賃金の金融機関への振込が認められるためには、
(1)アルバイト・パートタイム労働者の同意を得る
(2)アルバイト・パートタイム労働者が指定する本人名義の預金または貯金の口座に振り込まれる
(3)振り込まれた賃金の全額が所定の賃金支払日に払い出しうる状況にある
ことが必要である。
使用者が賃金から減額支払いができるのは、
(1)欠勤などによる賃金の減額
(2)争議行為中の賃金
(3)賃金の前払金・繰上支給金の精算
などの場合に限られている。
全額払いについての例外が認められるのは、法令に別段の定めがある場合と、労使間で書面による協定を作成した場合の二つで、法令に定めがある場合の主なものは、源泉徴収を認める所得税、住民税、保険料の控除を認める健康保険料、厚生年金保険料、雇用保険料、それに労基法九一条による制裁としての減給などである。
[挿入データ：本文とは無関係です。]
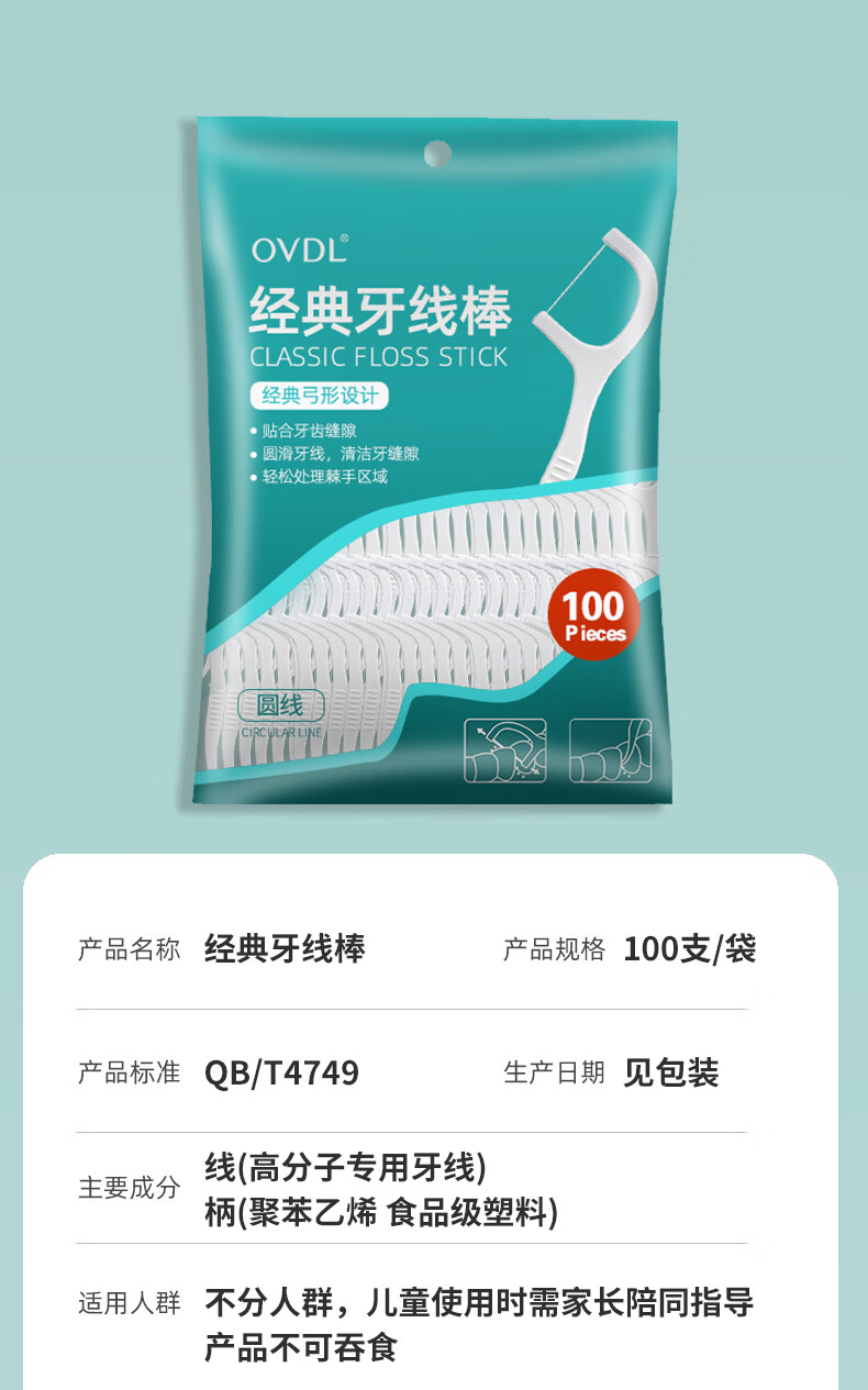 OVDL 牙线棒 超细圆线清洁齿缝牙签线高拉力剔牙神器100支*1包便携

使用者が物品の購買代金、親睦会費、労働組合費などを賃金から控除して支払う場合には、当該事業所の労働者の過半数で組織する労働組合のあるときはその労働組合、労働組合がないときは労働者の過半数を代表する者との書面による協定をしなければならない。この協定は締結さえすればよいものであり、所轄労働基準監督署長への届け出の必要はない。